Recent multi-wavelength surveys have discovered dozens of luminous quasars at redshift z > 6. They indicate the presence of supermassive black holes of ~10^{9} Msun, and large stellar population of ~10^{11} Msun when the Universe was only a few hundred million years after the Big Bang. However, how these objects form and evolve remains a big puzzle. I will present state-of-the-art calculations, which combine multi-scale cosmological simulations with multi-wavelength radiative transfer, to follow the formation, evolution, and multi-band properties of galaxies and quasars in the early Universe. Our models demonstrate that the exciting observations of the most distant objects are consistent with predictions from the standard LCDM cosmology. The earliest galaxies and quasars form in massive halos hierarchically and are highly clustered, which may provide patchy ionization of the surrounding medium. In addition, I will discuss the need for such a modeling in future study of galaxy formation in all epochs, and in planning surveys with upcoming observatories such as ALMA and JWST.

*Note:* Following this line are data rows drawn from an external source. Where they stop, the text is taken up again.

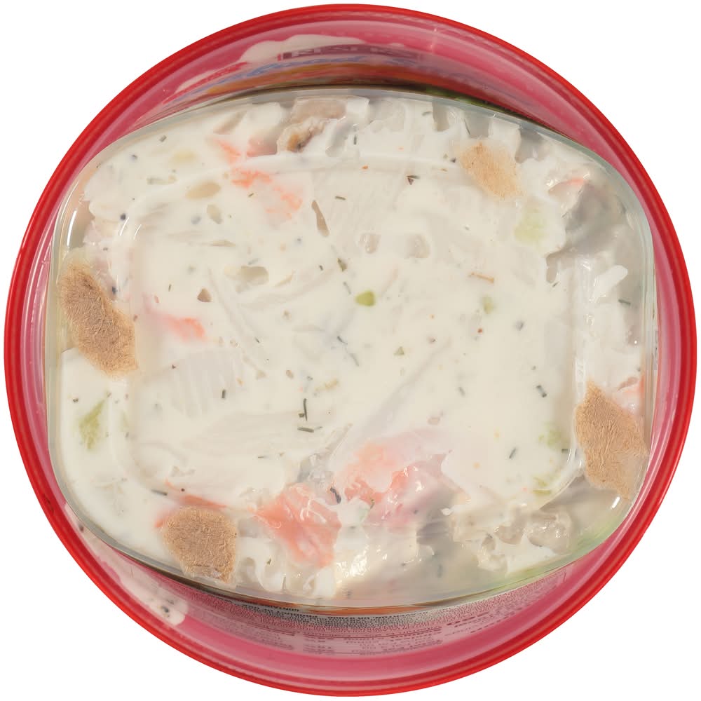Ingredients: Imitation Crab (Fish Protein [Alaska Pollock, Pacific Whiting], Water, Wheat Starch, Mirin Wine Sake, Sugar, Salt, Water, Yeast Extract], Egg Whites, Sorbitol, Soybean Oil, Sugar, Tapioca Starch, Contains 2% or Less of: Natural and Artificial Crab Flavors [Swimming Crab, Maltodextrin, Disodium Guanylate, Disodium Inosinate], Modified Potato Starch, Salt, Potassium Chloride, Sodium Tripolyphosphate, Tetrasodium Pyrophosphate, Paprika Oleoresin, Lycopene, Color Added), Mayonnaise (Soybean Oil, Water, Egg Yolks, Vinegar, Salt), Celery, Onion, Water, Modified Corn Starch, Citric Acid, Sodium Benzoate (Preservative), Potassium Sorbate (Preservative), Black Pepper, Xanthan Gum, Dill, Dehydrated Parsley Contains: Crustacean Shellfish, Fish, Wheat, Eggs, Soybeans
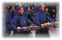 指著圓符,不久,蒙面者便神魂入定;似有神附體,慢慢地全身抖動起來,手舞足蹈,這就是已“進入陰間”。據(jù)傳過陰之人,雖蒙頭蓋面,也能辨別方向,隨法師的指使行事,陰間之事能有問必答,人們所要了解之事,也都從他們那里得到答復,并可以探求禳解之法。法師用法術(shù)指使他們?nèi)プ龈鳂邮虑?。到一定時間,法師用咒語報他們招回,他們在法師的指示下,陸續(xù)返回陽世清醒過來。若有個別不能返回,法師則加倍對他們施法,用刀指向他,并念咒畫符,強令返回。過陰之人蘇醒后,法師揭開頭蓋,這時個個面色慘白,目光遲鈍,如害一場大病。法師再施以復原之術(shù),使之慢慢復原。他們復原后,完全忘記陰間的事情。
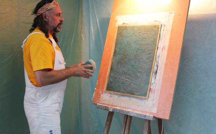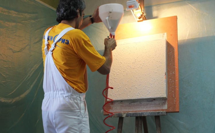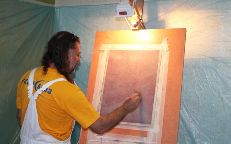 Мы показали декоративную краску «Замша» с трехслойным полноцветным нанесением, которая очень сильно увлекла участников своей оригинальностью понимания расщепления цвета; также в мастер-классе использовали агрегат «Хоппер», позволяющий наглядно увидеть его возможности нанесения материала быстро и, тем самым, многократно уменьшить сроки выполнения работ.
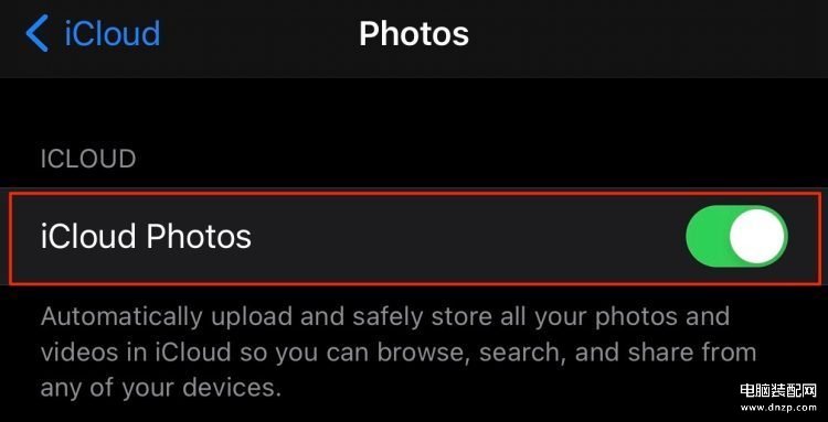 5、最后,启用 iCloud 照片的切换。
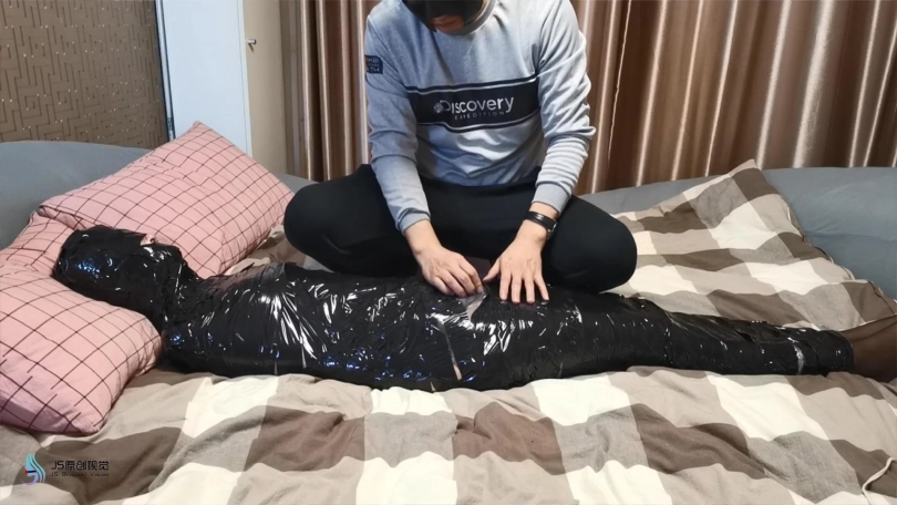 【JS】瑾萱 保鲜膜全包 胶带木乃伊 震动D刺激 原味棉袜封堵
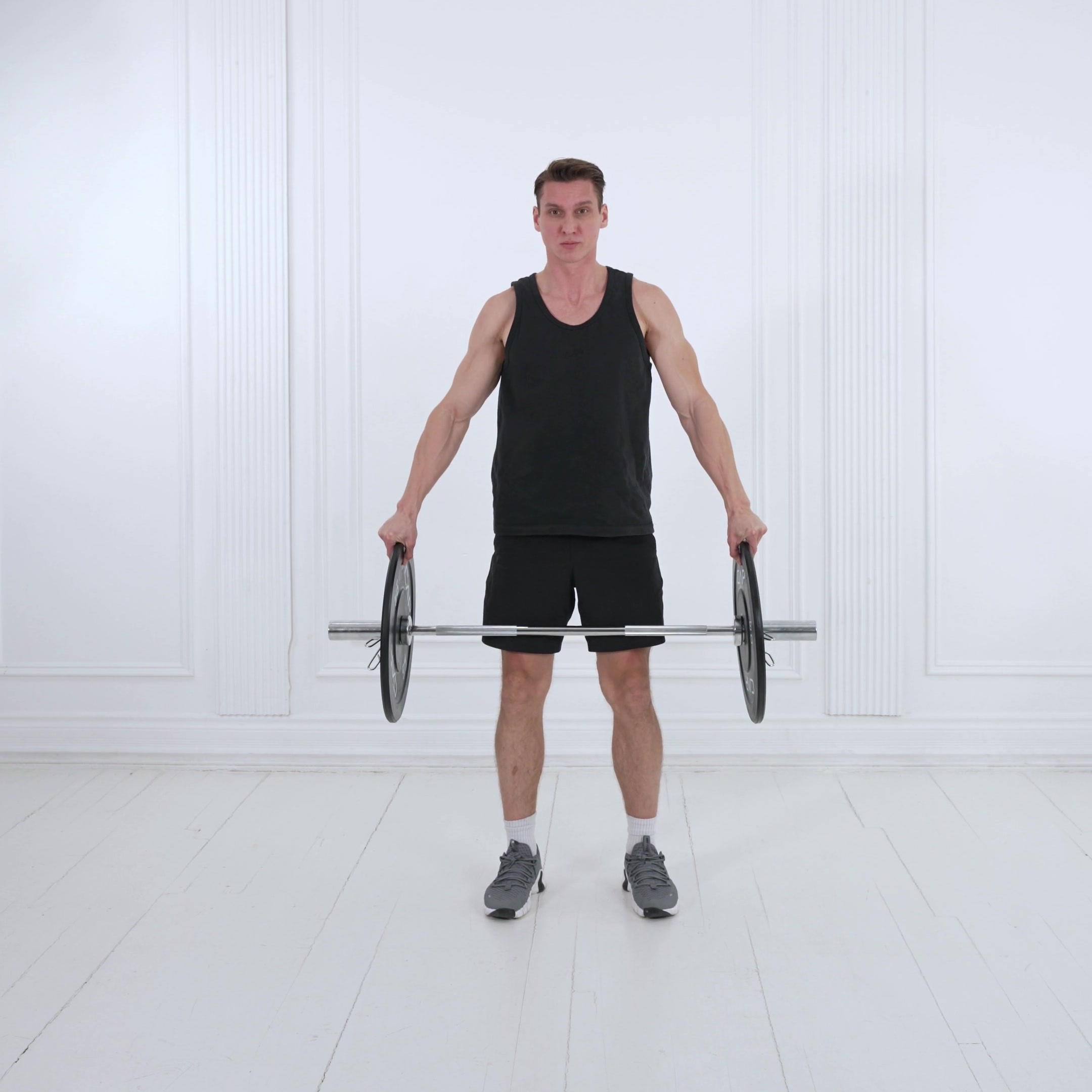 Start with hips below shoulders, shins near bar, neutral spine; lift to full hip/knee extension without back hyperextension; lower until plates touch floor.
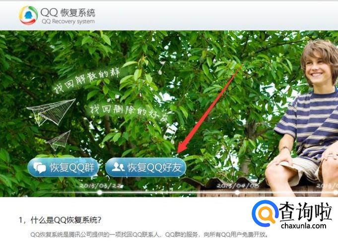 进入之后,登陆QQ,点击“恢复QQ好友”,如图所示。
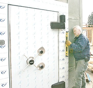 Mark Peterson checks the level of the door during installation of Glacier Bank's brand new Diebold modular vault Tuesday afternoon.
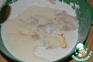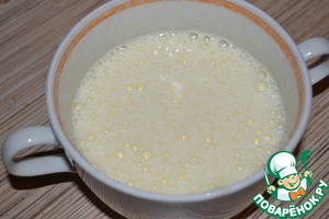 В 50 гр теплого молока развести дрожжи и оставить на 15 минут
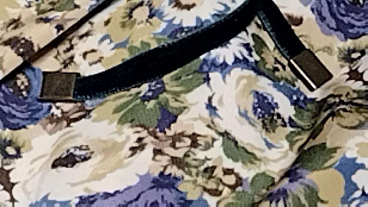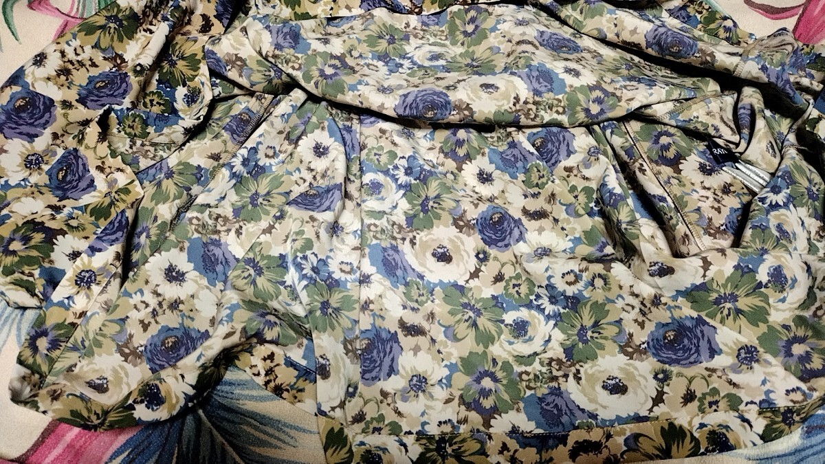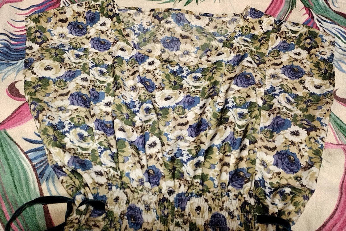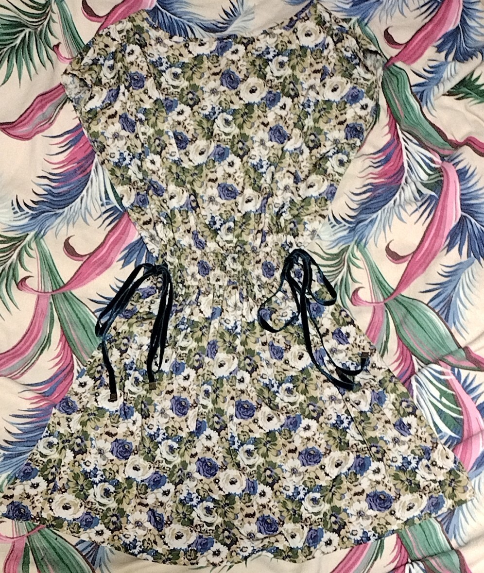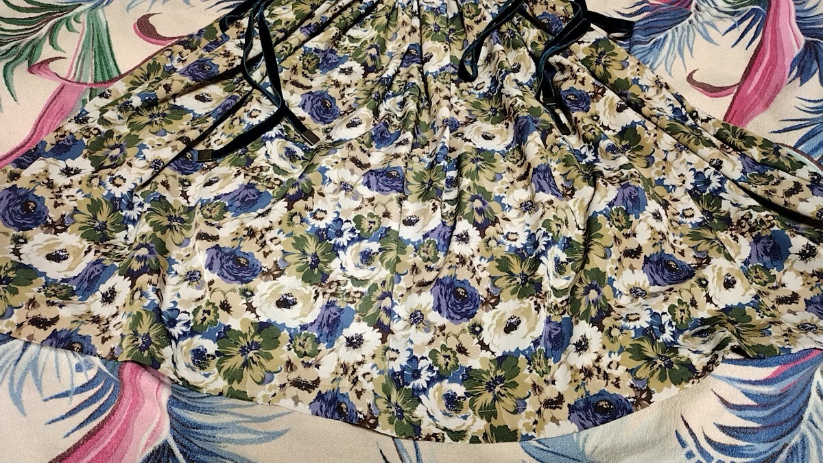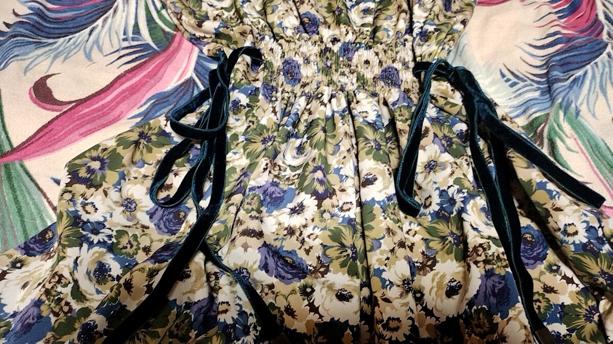 フェミニンなフラワープリントと両サイドのロイヤルブルー色のベルベットリボンが特徴的な一着。
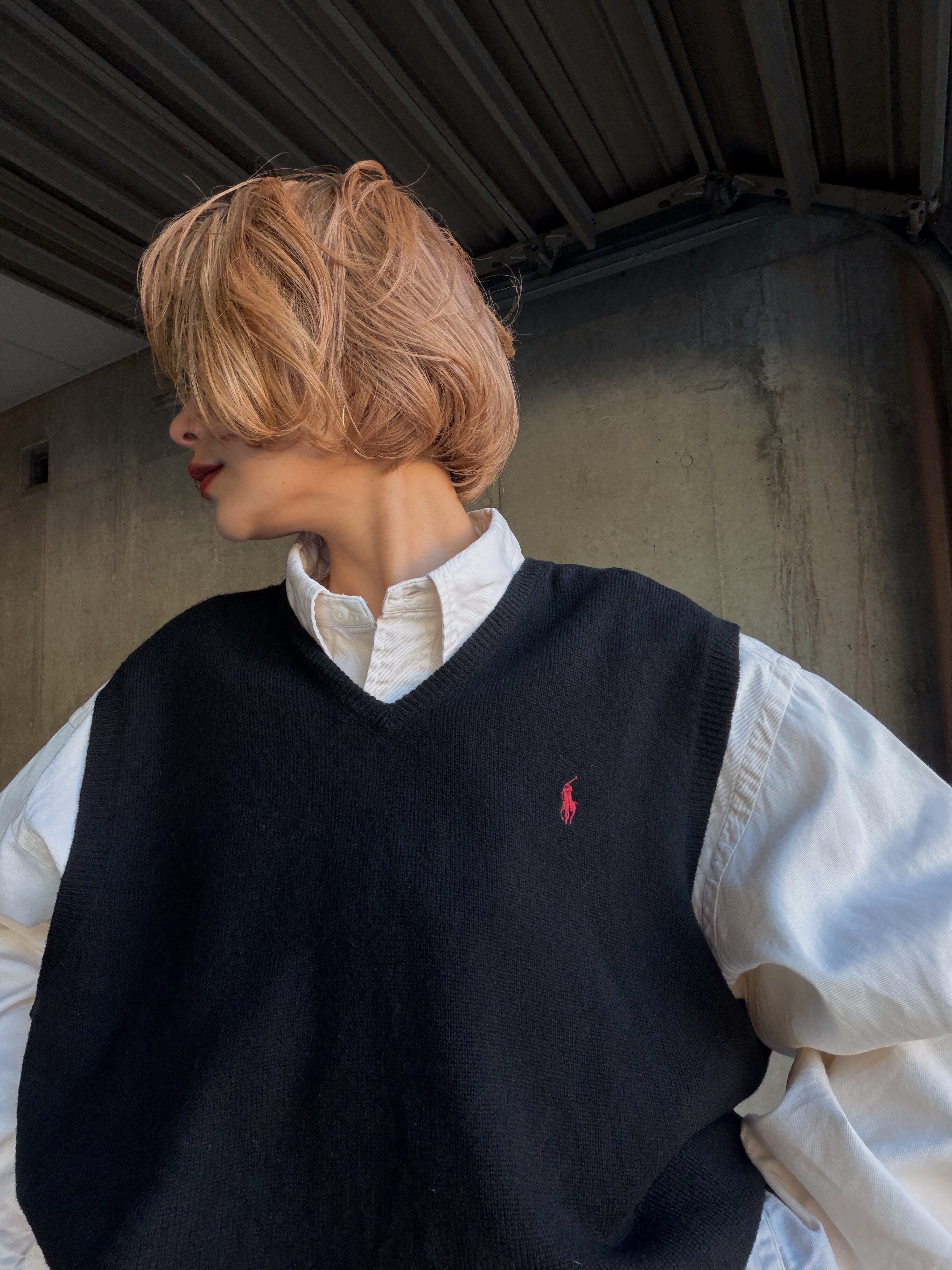 (KN576)Polo Ralph Lauren lams wool knit vest

At a slightly lower redshift than these quasars, just outside the Perkin Reading Room, we'll have a selection of tea, coffee, cookies, and fruit for your enjoyment. The seminars are held in the Perkin Reading Room, on the 5th floor of the Rose Center for Earth and Space. Enter the museum at 81st Street and Central Park West, call a department member from your cell, the guard desk, or ticket booth for escort upstairs to the Perkin Room. Please arrive approximately 15 min. prior to the event.